Sadly, Thomas Paine is dead and the mainstream media (a clichéd term, I know) seems unwilling to take his place; yes, the same free press that Mr. Paine saw 25,000 Americans die for now airs more coverage on Paris Hilton's DUI than it does on the ongoing massacre in Darfur. (To put the Revolutionary War casualties in perspective, they represented about 1% of the population at the time, or, adjusted for "inflation," 3,000,000 dead Americans in 2007).
So here we are, all dressed up Constitutionally but with no place to go. We all like to blame the press, the government, the amazingly ambiguous "corporations." How many people hear about federal attorneys being fired because they didn't like the administration's politics on CNN, and change the channel? Enough to make a difference. I once had the opportunity for a sit-down with a guy (who will here remain nameless) that works in a media think tank in Washington. During out conversation, he described CNN headquarters in Atlanta to me, and one thing in particular stuck out in my mind: on the wall in their "war room" is a big screen with an ever-moving graph that shows, at any given moment, how many people are tuned in to their channel. As a business, they depend on advertising dollars, which depend on their number of viewers, so they are incentivized in the extreme to maximize viewing. When the graph starts to go down, they change the story. On the whole, when they report on things like Darfur, like Gaza or the West Bank or climate change, their graph goes down. And the story changes.
"Well," someone might indignantly point out, "they ought to show the NEWS, not just whatever the most people want to see." This is the basic mindset of the "it's the fault of the 'corporations'" set. Let's own up, shall we? There could scarcely be a more democratic means of determining news coverage than this. Granted, it's thrown somewhat to mob rule, but such, sadly, is the way with democracy. CNN is not a bad company because they're displaying news that people want to see, and I don't find it disconcerting in the least that they adjust their coverage to show what people want to watch. What DOES worry me is that people tend to shy away from relevant stories in this way.
Yes, it's an anecdotal example, but it's intended only as a microcosm to understand the decay of media in America. Advertising to a group of people with their heads in the sand is hard. So the media, showing perfect business sense, stays away from it. So we have Paris Hilton, Jimmy the water-skiing squirrel, and so on. Because that's what people watch.

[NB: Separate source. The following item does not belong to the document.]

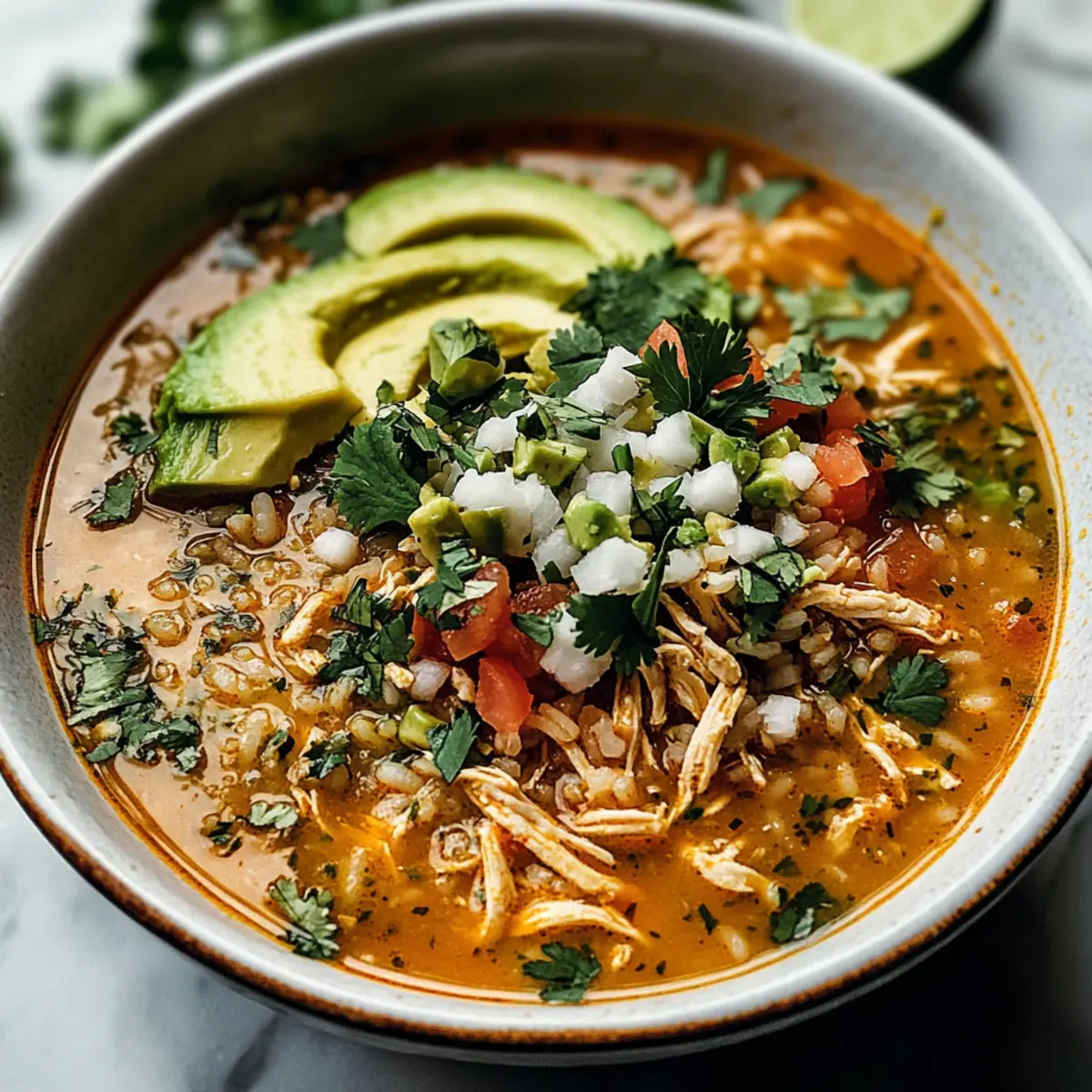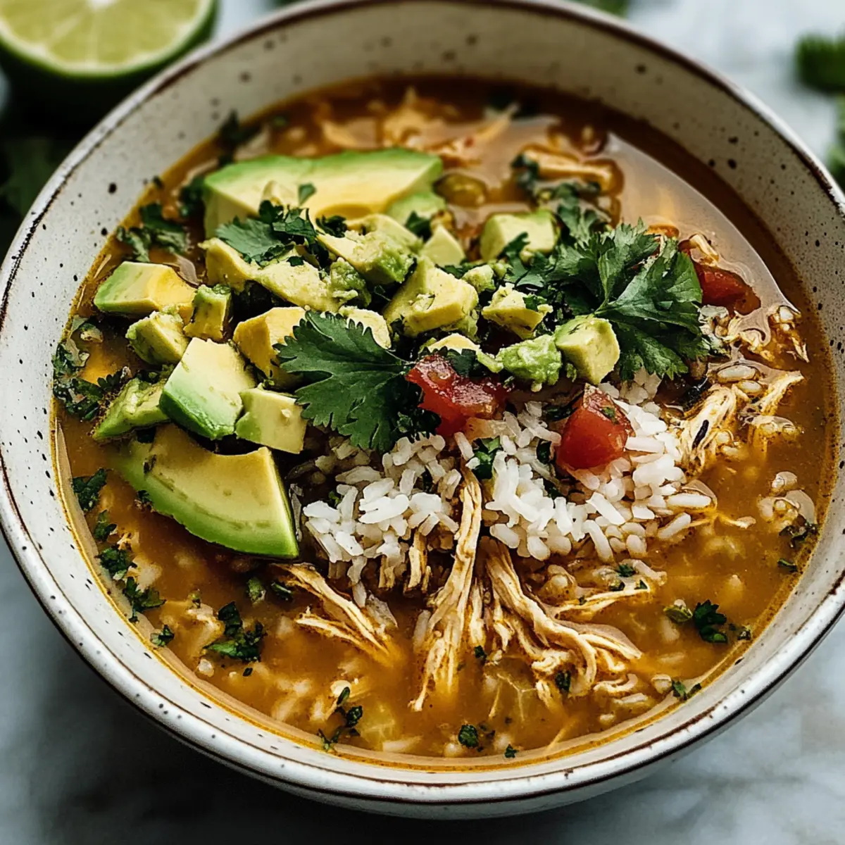 Ein spritziger Limonenschnappschuss: Der Duft von frischem Limettensaft und aromatischen Gewürzen zieht durch meine Küche, während ich an diesem kalten Nachmittag an meiner Easy Mexican Lime Chicken Rice Soup arbeite. Diese einfache mexikanische Limetten-Hühnchen-Reis-Suppe vereint die besten Elemente eines klassischen Hühnchensoups mit einem frischen, aufregenden Twist. Innerhalb von nur 30 Minuten zaubern Sie ein schnelles, wärmendes Gericht, das nicht nur Kinder begeistert, sondern auch Erwachsene um jeden Löffel kämpfen lässt. Perfekt für hektische Wochentage, ist diese Suppe fantastisch, wenn Sie Rotisserie-Hähnchen verwenden – es wird Zeit gespart und Pantry-Zutaten kommen zur Rettung! Bereit, einen besonderen Genuss für die ganze Familie zu kreieren? Lassen Sie uns zusammen in die Welt des Geschmacks eintauchen!

This is not an isolated example. We don't just vote with ballots anymore; in fact, that's the least of it. We vote with our eyes for what material generates high ad revenue. We vote with our wallets on all kinds of things. How many times has somebody thought that it's not a big deal, they can afford a few extra bucks for gas, and bought a Jeep Commander instead of a Prius? How many times has someone thought, maybe I can make back those few dollars I'm losing on gas by shopping at Wal-Mart, despite the fact that I disapprove of their labor practices?
This is, of course, a free country. You may buy a Jeep Commander if you like, and you may shop at Wal-Mart if you like. But do not allow yourself the delusional luxury of believing that your actions exist in a vacuum. When you buy the Commander, you are, using your wallet, voting "no" on whether climate change is an important issue to you. When you shop at Wal-Mart, you are voting "no" on whether workers' rights are important to you. If you don't like the way a company is behaving, DON'T BUY FROM THEM. If you don't like the superficial news coverage that you see on a certain channel, DON'T WATCH IT. You vote every single day, whether you know it or not, for SOMETHING. What you vote for is up to you - if you're informed.